* [Action item]: Only certain lines below are wanted: those starting at the line containing "- 为该角色创建内联策略。请使用如下策略内容,并将示例中的存储桶名" and ending at the line containing "8月8日在青海省果洛藏族自治州班瑪縣境內拍攝的一處觀景臺(無人機照片)。新華社記者 李占軼 攝", both included, each retyped exactly.

[Stored data]
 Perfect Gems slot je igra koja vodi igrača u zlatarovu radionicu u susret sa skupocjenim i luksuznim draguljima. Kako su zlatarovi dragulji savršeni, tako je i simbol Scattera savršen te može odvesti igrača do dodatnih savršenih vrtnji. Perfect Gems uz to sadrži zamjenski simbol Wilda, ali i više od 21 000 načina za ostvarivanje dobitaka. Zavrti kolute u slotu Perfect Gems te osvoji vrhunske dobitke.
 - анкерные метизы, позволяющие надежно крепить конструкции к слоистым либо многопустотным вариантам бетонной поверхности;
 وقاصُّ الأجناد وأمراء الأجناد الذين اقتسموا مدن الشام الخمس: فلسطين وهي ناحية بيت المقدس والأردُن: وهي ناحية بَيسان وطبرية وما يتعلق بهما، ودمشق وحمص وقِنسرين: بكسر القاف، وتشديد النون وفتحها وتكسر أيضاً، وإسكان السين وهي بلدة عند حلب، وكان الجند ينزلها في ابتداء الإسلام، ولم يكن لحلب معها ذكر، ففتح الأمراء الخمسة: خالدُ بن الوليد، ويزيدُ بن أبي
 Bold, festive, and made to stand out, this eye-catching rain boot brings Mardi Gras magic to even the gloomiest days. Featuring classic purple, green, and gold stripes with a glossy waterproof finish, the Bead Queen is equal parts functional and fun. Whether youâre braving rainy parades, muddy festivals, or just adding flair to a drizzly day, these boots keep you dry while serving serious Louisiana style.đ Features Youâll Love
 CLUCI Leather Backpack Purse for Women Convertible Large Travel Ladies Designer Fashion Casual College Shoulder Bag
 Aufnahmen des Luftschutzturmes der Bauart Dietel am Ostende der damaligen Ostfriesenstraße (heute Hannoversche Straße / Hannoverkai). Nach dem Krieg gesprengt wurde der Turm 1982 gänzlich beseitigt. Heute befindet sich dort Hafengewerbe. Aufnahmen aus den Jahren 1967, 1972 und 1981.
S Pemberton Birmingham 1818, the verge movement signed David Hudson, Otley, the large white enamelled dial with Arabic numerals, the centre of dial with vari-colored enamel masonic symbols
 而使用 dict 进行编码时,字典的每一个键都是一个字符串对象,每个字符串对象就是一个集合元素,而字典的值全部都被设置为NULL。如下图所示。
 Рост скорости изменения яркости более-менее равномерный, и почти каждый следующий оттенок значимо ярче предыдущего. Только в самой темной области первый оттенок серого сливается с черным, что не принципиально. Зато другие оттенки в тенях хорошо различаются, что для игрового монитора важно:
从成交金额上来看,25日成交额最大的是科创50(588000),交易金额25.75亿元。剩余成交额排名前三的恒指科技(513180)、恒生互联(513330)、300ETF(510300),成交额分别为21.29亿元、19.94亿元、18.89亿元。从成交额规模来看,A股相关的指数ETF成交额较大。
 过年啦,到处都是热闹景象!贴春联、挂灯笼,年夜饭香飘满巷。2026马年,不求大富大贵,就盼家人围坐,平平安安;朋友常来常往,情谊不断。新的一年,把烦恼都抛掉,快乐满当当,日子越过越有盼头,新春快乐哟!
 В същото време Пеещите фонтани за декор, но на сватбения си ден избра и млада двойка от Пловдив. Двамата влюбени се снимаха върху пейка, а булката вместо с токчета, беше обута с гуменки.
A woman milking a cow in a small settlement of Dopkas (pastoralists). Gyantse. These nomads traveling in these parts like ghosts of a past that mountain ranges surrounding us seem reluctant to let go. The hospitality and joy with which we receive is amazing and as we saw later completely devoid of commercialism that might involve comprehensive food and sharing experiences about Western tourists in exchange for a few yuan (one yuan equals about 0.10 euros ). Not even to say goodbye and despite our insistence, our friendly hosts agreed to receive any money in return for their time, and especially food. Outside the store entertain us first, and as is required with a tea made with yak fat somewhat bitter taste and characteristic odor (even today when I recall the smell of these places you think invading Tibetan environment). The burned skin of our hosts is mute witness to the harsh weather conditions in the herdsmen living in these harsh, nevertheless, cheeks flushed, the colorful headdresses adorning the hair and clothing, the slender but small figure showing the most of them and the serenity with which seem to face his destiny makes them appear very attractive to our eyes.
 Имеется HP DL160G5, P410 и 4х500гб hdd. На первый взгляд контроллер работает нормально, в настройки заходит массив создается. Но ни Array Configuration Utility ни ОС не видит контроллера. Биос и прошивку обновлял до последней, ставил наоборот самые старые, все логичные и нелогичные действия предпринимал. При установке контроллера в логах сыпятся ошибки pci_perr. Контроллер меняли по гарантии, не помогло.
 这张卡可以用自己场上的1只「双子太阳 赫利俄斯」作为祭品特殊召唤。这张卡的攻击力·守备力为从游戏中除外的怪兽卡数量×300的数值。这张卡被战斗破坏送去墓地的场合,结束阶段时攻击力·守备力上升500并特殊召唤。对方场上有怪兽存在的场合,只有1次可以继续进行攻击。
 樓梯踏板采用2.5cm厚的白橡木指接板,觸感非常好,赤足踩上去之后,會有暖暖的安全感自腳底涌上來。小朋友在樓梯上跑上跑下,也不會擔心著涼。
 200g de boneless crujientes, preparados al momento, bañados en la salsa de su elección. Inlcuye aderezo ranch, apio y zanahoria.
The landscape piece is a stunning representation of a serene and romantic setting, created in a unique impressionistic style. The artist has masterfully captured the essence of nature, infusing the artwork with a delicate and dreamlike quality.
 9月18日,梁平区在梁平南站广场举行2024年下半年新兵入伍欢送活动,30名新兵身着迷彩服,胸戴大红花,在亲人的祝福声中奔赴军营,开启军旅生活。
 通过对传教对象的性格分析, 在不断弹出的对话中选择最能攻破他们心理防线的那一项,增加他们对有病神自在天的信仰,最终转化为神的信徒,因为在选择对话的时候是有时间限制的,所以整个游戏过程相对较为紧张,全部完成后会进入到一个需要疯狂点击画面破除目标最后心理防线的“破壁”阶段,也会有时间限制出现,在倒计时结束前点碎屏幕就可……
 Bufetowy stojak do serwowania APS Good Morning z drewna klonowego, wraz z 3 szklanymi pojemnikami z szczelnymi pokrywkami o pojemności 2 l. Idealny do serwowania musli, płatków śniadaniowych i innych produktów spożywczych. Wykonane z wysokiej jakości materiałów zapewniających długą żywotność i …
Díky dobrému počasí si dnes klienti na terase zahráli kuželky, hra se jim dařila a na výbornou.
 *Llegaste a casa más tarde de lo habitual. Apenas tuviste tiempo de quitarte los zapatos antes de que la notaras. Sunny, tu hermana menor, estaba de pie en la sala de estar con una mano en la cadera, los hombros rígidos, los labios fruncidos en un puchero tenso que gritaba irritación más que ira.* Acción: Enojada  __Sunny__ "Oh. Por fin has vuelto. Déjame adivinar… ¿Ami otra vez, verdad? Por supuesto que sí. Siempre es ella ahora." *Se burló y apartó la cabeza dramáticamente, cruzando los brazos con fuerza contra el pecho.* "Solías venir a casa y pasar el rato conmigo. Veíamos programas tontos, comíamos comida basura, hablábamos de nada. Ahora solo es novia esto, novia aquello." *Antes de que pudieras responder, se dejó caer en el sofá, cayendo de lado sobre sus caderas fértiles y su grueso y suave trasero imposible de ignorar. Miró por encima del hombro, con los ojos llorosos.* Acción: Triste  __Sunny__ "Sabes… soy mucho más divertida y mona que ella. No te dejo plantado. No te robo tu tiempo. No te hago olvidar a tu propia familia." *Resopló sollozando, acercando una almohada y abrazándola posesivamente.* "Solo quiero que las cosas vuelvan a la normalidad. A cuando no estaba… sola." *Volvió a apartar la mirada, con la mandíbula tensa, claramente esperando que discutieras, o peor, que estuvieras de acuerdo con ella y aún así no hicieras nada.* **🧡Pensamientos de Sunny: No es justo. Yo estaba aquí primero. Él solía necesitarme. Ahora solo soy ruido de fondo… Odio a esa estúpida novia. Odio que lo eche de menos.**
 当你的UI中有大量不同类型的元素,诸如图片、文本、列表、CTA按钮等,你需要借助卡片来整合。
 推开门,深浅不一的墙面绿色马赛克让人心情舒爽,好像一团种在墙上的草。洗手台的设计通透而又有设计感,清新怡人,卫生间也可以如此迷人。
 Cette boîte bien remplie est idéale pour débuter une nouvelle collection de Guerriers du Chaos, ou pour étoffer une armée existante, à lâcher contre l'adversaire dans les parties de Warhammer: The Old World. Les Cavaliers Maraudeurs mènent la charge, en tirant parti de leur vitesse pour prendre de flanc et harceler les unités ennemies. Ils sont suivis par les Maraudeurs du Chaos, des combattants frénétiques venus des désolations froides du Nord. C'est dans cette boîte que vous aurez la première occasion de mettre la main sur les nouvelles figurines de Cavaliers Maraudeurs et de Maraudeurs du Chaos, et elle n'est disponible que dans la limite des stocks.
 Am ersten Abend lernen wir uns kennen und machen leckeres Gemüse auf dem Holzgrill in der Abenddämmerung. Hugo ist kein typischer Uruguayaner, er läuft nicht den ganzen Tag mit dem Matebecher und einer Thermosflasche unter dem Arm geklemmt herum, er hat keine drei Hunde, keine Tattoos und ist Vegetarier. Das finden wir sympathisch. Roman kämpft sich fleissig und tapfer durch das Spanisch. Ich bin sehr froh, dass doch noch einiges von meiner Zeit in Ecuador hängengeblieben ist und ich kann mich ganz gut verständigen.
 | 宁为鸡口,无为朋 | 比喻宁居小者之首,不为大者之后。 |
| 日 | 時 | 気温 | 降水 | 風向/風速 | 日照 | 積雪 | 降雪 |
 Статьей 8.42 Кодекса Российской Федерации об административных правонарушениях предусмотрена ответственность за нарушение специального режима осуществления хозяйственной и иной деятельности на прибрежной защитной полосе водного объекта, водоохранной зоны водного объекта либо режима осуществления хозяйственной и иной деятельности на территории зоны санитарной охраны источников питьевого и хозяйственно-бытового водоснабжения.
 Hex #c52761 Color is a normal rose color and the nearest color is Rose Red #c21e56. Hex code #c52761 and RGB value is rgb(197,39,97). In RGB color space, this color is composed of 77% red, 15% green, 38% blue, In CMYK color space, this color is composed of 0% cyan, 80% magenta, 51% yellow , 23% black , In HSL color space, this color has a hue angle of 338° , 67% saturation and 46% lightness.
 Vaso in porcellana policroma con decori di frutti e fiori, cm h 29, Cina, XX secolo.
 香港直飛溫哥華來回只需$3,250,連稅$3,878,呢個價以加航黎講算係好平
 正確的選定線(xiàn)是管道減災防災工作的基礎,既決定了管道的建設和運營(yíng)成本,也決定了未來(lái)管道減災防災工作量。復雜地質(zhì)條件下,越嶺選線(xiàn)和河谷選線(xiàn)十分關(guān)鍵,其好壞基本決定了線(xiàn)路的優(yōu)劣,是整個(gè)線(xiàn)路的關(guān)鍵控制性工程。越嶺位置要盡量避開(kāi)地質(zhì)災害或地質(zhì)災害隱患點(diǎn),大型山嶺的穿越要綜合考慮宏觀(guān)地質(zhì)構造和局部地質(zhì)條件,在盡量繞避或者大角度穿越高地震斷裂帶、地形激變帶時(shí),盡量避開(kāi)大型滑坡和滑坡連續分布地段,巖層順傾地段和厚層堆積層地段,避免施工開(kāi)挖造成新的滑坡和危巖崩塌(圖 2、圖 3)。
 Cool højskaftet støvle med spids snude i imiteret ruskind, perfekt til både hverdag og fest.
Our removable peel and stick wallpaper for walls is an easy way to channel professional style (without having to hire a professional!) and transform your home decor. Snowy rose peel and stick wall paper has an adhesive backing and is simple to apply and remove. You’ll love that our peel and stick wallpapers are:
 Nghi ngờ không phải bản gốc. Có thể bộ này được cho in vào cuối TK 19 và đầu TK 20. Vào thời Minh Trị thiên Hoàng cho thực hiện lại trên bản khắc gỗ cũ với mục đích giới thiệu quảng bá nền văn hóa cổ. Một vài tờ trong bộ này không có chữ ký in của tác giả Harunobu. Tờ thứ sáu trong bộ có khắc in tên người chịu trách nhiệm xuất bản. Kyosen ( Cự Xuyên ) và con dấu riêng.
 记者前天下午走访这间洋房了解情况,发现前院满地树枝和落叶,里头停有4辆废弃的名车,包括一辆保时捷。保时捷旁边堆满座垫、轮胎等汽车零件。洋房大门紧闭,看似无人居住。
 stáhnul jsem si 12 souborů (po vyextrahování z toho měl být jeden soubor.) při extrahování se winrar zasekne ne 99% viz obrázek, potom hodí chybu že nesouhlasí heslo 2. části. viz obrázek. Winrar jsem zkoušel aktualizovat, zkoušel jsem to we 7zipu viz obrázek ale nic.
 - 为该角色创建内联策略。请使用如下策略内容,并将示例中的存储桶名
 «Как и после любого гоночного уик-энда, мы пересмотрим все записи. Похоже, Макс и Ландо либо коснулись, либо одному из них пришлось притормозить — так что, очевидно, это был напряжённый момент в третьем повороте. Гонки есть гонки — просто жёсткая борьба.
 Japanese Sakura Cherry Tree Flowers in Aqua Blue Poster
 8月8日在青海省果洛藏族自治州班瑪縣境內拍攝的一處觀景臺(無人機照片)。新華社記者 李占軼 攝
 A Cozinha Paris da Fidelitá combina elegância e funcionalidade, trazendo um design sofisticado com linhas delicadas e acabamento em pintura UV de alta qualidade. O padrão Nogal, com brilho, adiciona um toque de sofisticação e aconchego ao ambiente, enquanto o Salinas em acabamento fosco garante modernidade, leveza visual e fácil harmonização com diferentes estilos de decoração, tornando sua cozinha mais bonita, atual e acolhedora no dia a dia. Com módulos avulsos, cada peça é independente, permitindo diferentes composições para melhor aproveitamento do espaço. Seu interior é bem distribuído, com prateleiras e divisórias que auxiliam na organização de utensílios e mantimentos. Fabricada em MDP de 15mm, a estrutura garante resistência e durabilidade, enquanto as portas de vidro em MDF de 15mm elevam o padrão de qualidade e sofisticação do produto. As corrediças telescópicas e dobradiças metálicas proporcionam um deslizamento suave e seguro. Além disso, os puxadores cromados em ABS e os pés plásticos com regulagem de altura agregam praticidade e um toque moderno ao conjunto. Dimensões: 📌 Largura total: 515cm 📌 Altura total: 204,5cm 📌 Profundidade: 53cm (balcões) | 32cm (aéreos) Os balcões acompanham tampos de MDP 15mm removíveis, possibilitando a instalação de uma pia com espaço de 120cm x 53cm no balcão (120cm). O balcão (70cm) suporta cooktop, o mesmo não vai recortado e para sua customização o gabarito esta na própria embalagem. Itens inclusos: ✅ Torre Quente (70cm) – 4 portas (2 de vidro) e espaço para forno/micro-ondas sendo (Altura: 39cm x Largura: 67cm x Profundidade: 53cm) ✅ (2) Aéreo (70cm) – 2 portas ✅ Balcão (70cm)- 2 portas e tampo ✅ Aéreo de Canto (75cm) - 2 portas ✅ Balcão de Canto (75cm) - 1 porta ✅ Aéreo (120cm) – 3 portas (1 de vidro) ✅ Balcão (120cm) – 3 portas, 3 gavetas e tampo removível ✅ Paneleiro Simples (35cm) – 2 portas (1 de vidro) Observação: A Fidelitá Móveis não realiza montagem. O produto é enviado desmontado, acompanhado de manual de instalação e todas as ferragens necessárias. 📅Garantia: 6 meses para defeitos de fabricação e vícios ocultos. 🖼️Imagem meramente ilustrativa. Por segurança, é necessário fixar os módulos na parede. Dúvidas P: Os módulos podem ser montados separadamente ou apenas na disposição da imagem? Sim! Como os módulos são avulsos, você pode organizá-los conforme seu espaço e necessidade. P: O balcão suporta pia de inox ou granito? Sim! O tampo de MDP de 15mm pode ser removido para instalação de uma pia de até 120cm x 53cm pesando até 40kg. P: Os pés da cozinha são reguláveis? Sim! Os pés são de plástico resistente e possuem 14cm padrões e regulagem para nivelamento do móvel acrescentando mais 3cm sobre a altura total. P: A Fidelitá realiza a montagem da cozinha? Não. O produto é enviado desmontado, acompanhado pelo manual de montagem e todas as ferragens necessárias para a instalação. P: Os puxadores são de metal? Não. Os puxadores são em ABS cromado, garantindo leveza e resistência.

* [Response box]:
 - 为该角色创建内联策略。请使用如下策略内容,并将示例中的存储桶名
 «Как и после любого гоночного уик-энда, мы пересмотрим все записи. Похоже, Макс и Ландо либо коснулись, либо одному из них пришлось притормозить — так что, очевидно, это был напряжённый момент в третьем повороте. Гонки есть гонки — просто жёсткая борьба.
 Japanese Sakura Cherry Tree Flowers in Aqua Blue Poster
 8月8日在青海省果洛藏族自治州班瑪縣境內拍攝的一處觀景臺(無人機照片)。新華社記者 李占軼 攝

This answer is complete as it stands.